Olhando para o mapa pixelizado das precipitações anuais do IPMA:

- Ilha Deserta de Faro ou povoação do Farol na Ilha da Culatra; 500-600 mm (deverá ser menor que 500 mm,penso)
- Alcoutim: 400-500 mm (548,7 mm em 1959-1980)
- Alcaria do Cume, serra de Tavira: 800 - 1000 mm
- Barranco do Velho; 800-1000 mm(991,4 mm em 1951-1980)
- Cerro do Mu: 1000-1200 mm ?
- Barrocal de Loulé, tipo Salir ou Querença: 600-800 mm em geral (Sobreira/salir: 975,9 mm em 1951-1980)


----------



## N_Fig (16 Abr 2020 às 17:27)

almeida96 disse:


> Sim, há uma deficiência total de normais climatológicas em toda a região do Barrocal e das Serras algarvias...atualmente o IPMA apenas tem a estação da Fóia a funcionar nessas regiões (que é um outlier no Algarve ao nível climático), e talvez mais algumas do SNIRH.
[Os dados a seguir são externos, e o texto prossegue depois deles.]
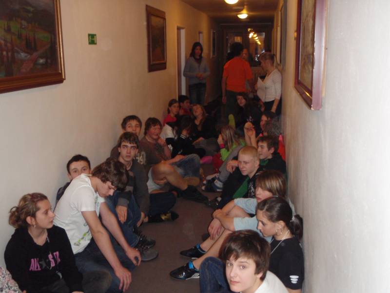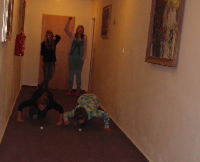 Budíček, čtyři pokoje i přes buzení tvrdě spí je potřeba znovu je vzbudit před snídaní. Asi se projevily následky první probdělé noci a možná i trochu únava a zdravý horský vzduch.
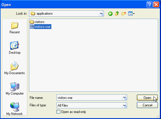 Browse to the location of the new visitors.war file that you just created. This is the one that has the updated deployment descriptor. Select this file and click Open.
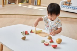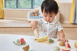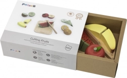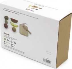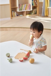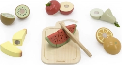 Zaradi tega lesenega seta sadja lahko otroci uživajo ure zabave hkrati pa se učijo. S pomočjo lesenega noža lahko otroci varno režejo in kombinirajo sadje po svoji domišljiji.
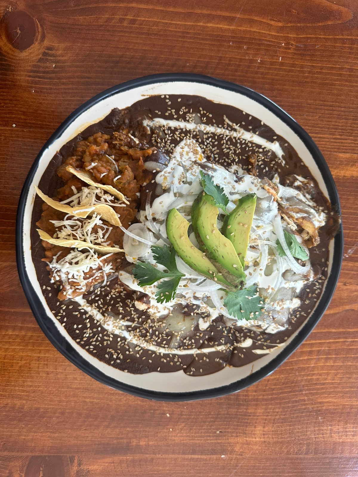 Enchiladas rellenas de pollo, cubiertas con queso, media crema, cebolla blanca y cilantro, acompañado de frijoles refritos.
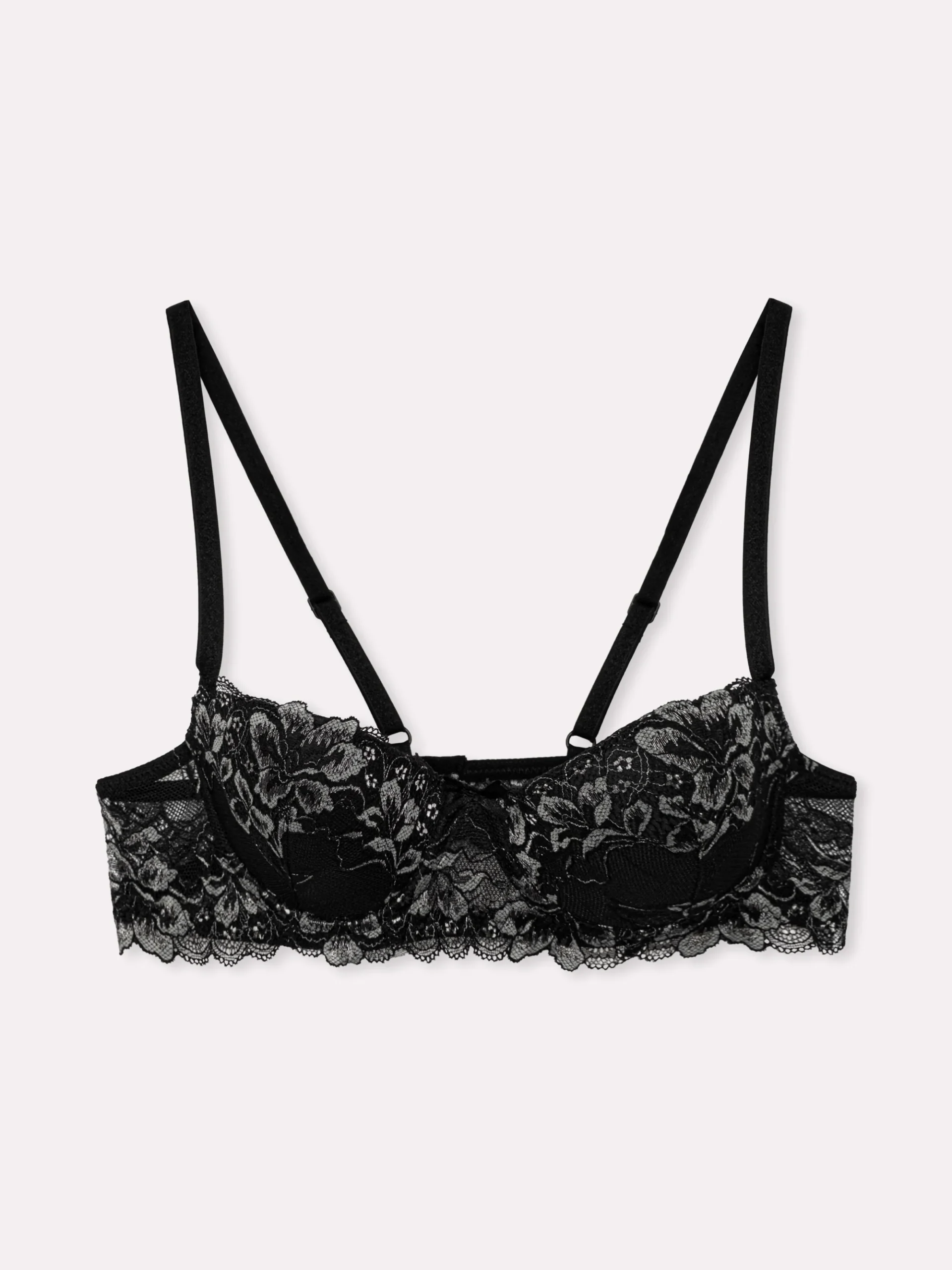 Reggiseno balconcino che esprime sensualità ed eleganza grazie al suo raffinato pizzo floreale ricamato, che avvolge le coppe con un effetto sofisticato e femminile. Il ferretto sotto il seno offre un sostegno perfetto e valorizza il décolleté con una forma armoniosa e naturale. Il bordo smerlato e la fascia sottoseno in pizzo trasparente aggiungono un tocco romantico, mentre le spalline sottili regolabili garantiscono una vestibilità su misura. Perfetto per chi desidera un intimo seducente e raffinato, ideale per ogni occasione speciale.
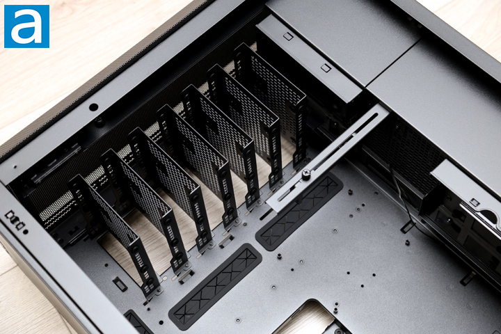 Down to the bottom, we can see the expansion slot covers. There is a total of eight slots, which is typical for a full-tower case. At the bottom, you can see the division between the power supply and the rest of the chassis. There are ventilation holes on the shroud to allow for air to pass through. You can also see a single drive cage here so you can install a 3.5" or 2.5" storage option here. There are more routing holes on the shroud to pass in cables at the bottom. This is likely where you will direct the case cables and the video card power connector.
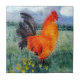 Azulejo cerâmico com um Cockerel colorido que penetra sobre a grama, a partir da minha pintura original de vidro de galinha com galo. ©Annabel Potter
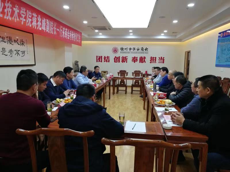 为深入推进学校与地方企业合作,加强相关专业服务地方经济能力,12月5日,副院长蒋兆峰一行赴徐州市淮安商会调研,受到商会会长徐亚等的热情接待。
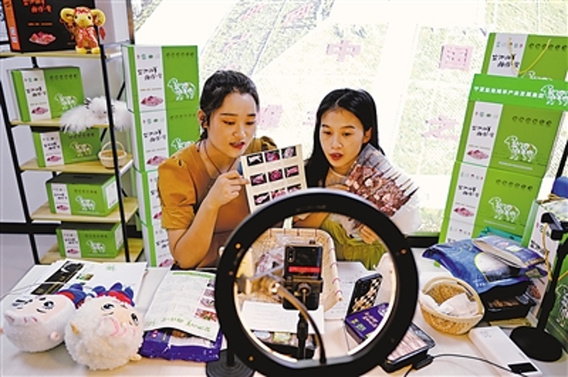 盐池县狮城宁好电商网批(西部)运营基地的直播间,主播向全国网友推荐盐池滩羊 记者 王鼎 摄
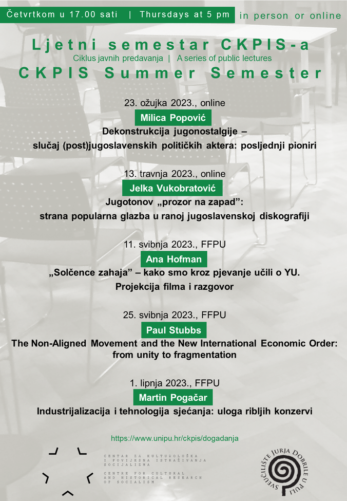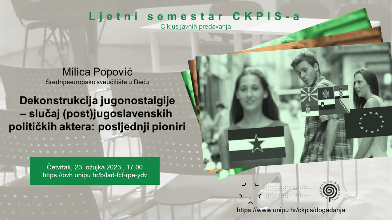 Ciklus predavanja Ljetni semestar CKPIS-a otvara Milica Popović sa Srednjoeuropskog sveučilišta u Beču, koja će govoriti na temu Dekonstrukcija jugonostalgije – slučaj (post)jugoslavenskih političkih aktera: posljednji pioniri. Predavanje će biti održano isključivo online u četvrtak, 23. ožujka 2023., u 17.00 sati u virtualnoj dvorani https://ovh.unipu.hr/b/lad-fcf-rpe-ydv.

Embora isso seja verdade, ao nível da precipitação há normais para São Brás do Alportel e para a Barragem da Bravura, estações do SNIRH


----------



## frederico (16 Abr 2020 às 19:03)

N_Fig disse:


> Embora isso seja verdade, ao nível da precipitação há normais para São Brás do Alportel e para a Barragem da Bravura, estações do SNIRH



Também há as estações da Direcção Regional de Agricultura. Mas nenhuma destas entidades tem estações em pontos estratégicos que a meu ver mereciam, ilhas barreira da Ria Formosa, Alcoutim mesmo junto ao Guadiana e serra do Caldeirão.


----------



## almeida96 (16 Abr 2020 às 22:47)

N_Fig disse:


> Embora isso seja verdade, ao nível da precipitação há normais para São Brás do Alportel e para a Barragem da Bravura, estações do SNIRH



Pois estão, vi agora! 

Também as estações do Barranco do Velho; Catraia; Mercador; Vidigal e Monchique (só com alguns dias) estão a emitir dados...curiosamente, a maioria das estações do Algarve deixaram de enviar dados em Dezembro de 2019. Esperemos que não tenham sido desativadas


----------



## N_Fig (13 Jun 2020 às 00:09)

Aproveitei que o IPMA divulgou os dados históricos de maio para os compilar como tenho feito para os restantes meses. Este deve ser dos meses que mais aqueceu nos últimos anos, 6 dos 9 maios mais quentes acontecerem desde 2006, e os 4 mais quentes todos desde 2011... Também notei no entanto que a normal 71-00 é anormalmente fria, devido a maios muito frios nas décadas de 70 e 80, e que nas décadas de 50 e 60 tinha havido maios bem quentes (mas não tanto como agora...), e também anormalmente chuvosa, devido a maios muito chuvosos na década de 90


----------



## SRaimundo (25 Jun 2020 às 12:52)

Podem esclarecer-me uma dúvida?
Quando tenho três estações meteorológicas e necessito de caracterizar ao nível do clima determinado local, devo fazer a média ponderada das temperaturas/precipitação das três estações, certo?
Mas já não me recordo se o cálculo desta média é simplesmente dividir o valor total por três ou se tem alguma fórmula específica.
Obrigada!


----------



## "Charneca" Mundial (25 Jun 2020 às 13:20)

SRaimundo disse:


> Podem esclarecer-me uma dúvida?
> Quando tenho três estações meteorológicas e necessito de caracterizar ao nível do clima determinado local, devo fazer a média ponderada das temperaturas/precipitação das três estações, certo?
> Mas já não me recordo se o cálculo desta média é simplesmente dividir o valor total por três ou se tem alguma fórmula específica.
> Obrigada!


Mas atenção que o clima é a média dos dados de cada estação em 30 anos! Não é só dum ano. 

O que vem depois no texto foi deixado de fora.